Please repeat, precisely as written, only the lines from the one containing "Ostrov Vir, osada" through the last line of the records below, pictures omitted.

BEGIN RECORDS FOR THIS TASK

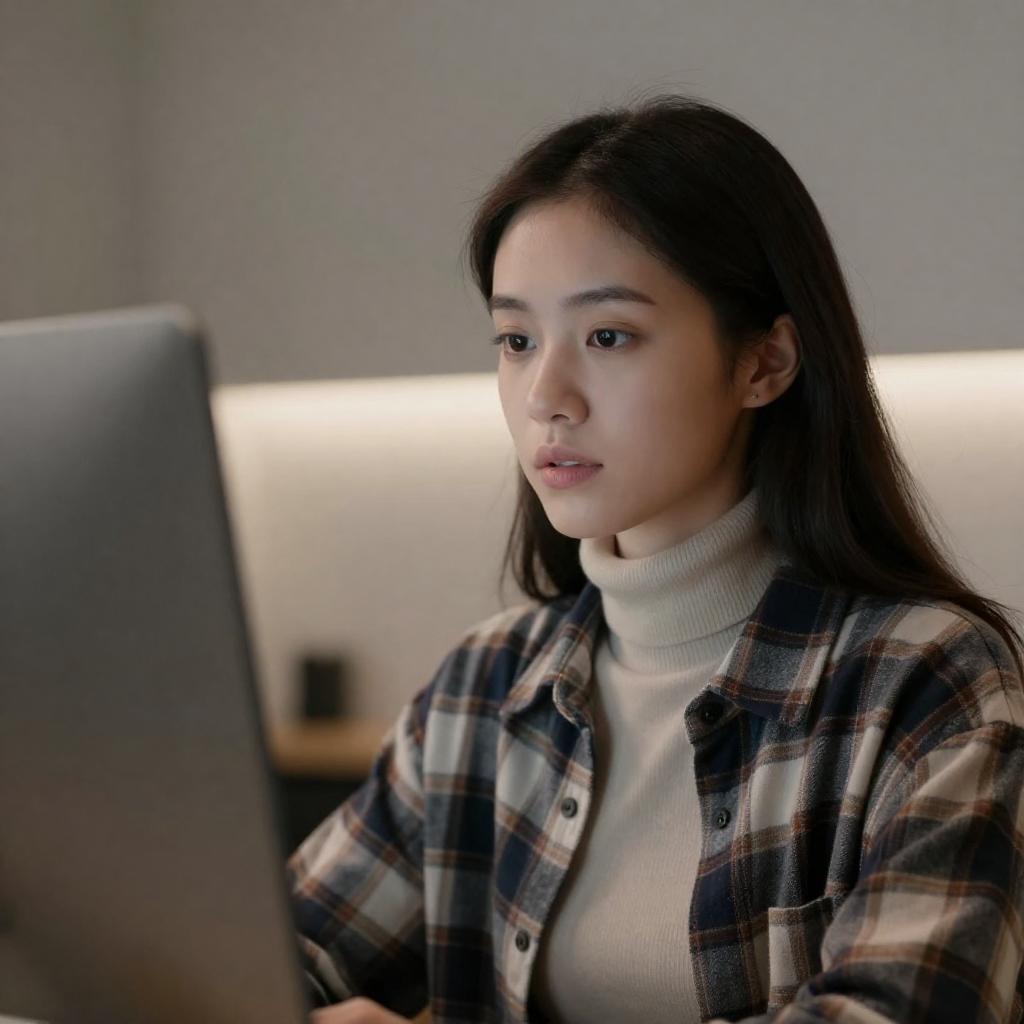 Portrait of a young Asian woman with short dark hair wearing a gray t-shirt, sitting indoors in a dimly lit room. She has an intense, neutral facial expression and is looking slightly to the right. In the background, there is a metal bed frame with a blue sheet and a red dresser with a lamp and folded clothes.
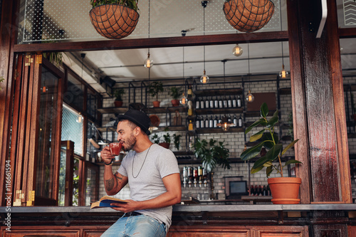 Happy young man at cafe with a book and drinking coffee
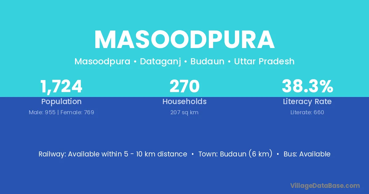 Budaun (6 km) is the nearest town to Masoodpura village for major economic activities and is located approximately 6 km away.
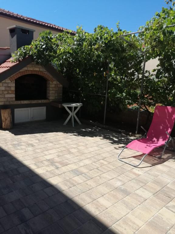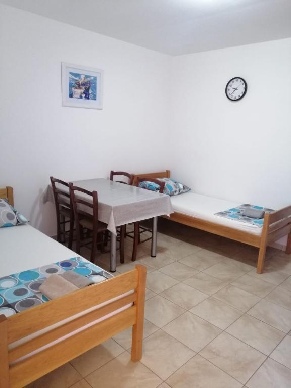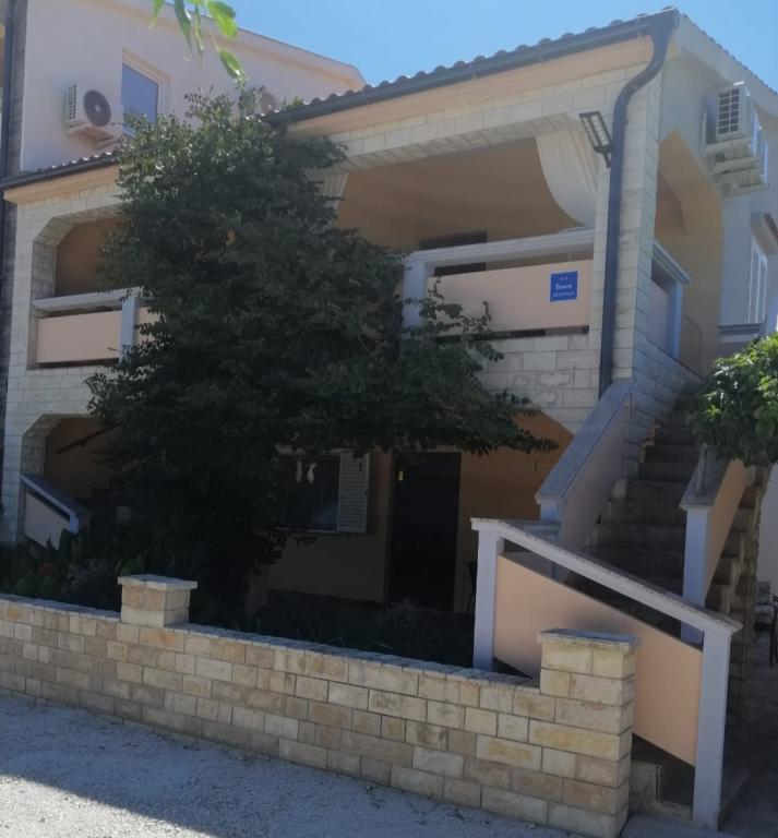 Ostrov Vir, osada Velika Slatina, pronajímáme 2 apartmány v prvním patře budovy se samostatnými vchody, každý pro 4 osoby. Apartmány se nacházejí 350 metrů od moře (upravená oblázková pláž s café barem), mají klimatizaci, TV, neomezený internet zdarma, gril ve dvoře a hlídané parkoviště, každý apartmán má vlastní terasu.
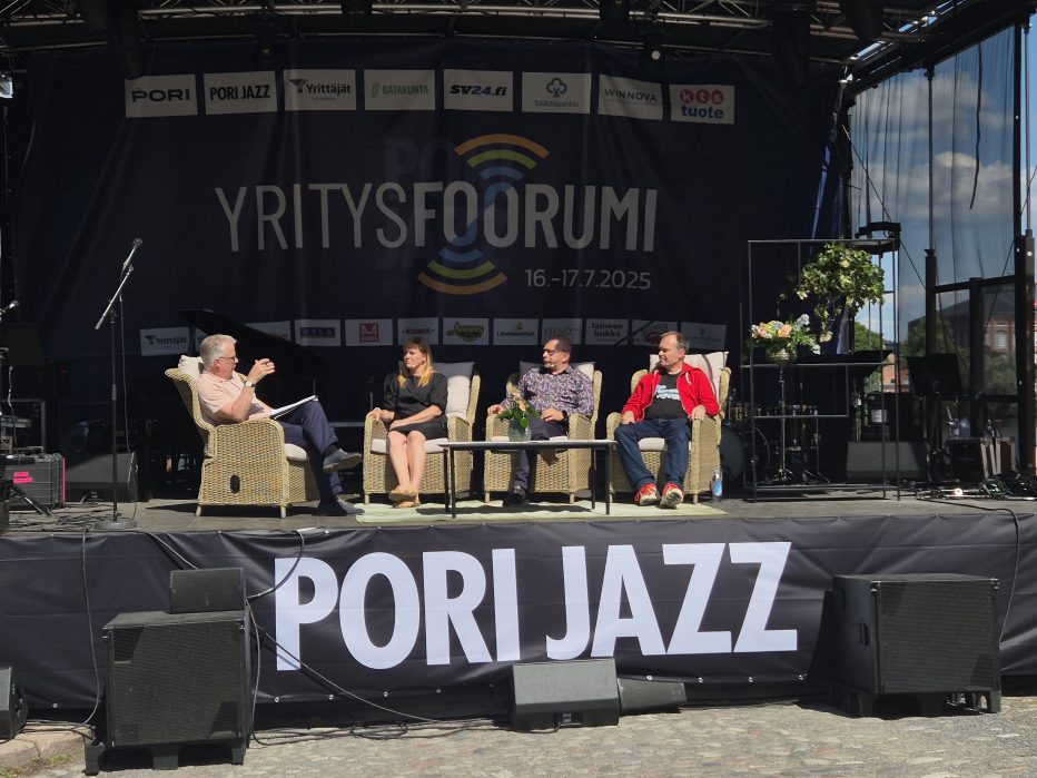 Peter Vesterbacka, Kari Varis ja Katja Hautamäki pohtivat yrittäjyyttä ja koulutuksen roolia uutisankkuri Keijo Leppäsen haastattelemana Yritysfoorumissa Porissa heinäkuussa.

END RECORDS FOR THIS TASK

▶ [RESPONSE TO THIS EXERCISE]:
 Ostrov Vir, osada Velika Slatina, pronajímáme 2 apartmány v prvním patře budovy se samostatnými vchody, každý pro 4 osoby. Apartmány se nacházejí 350 metrů od moře (upravená oblázková pláž s café barem), mají klimatizaci, TV, neomezený internet zdarma, gril ve dvoře a hlídané parkoviště, každý apartmán má vlastní terasu.
 Peter Vesterbacka, Kari Varis ja Katja Hautamäki pohtivat yrittäjyyttä ja koulutuksen roolia uutisankkuri Keijo Leppäsen haastattelemana Yritysfoorumissa Porissa heinäkuussa.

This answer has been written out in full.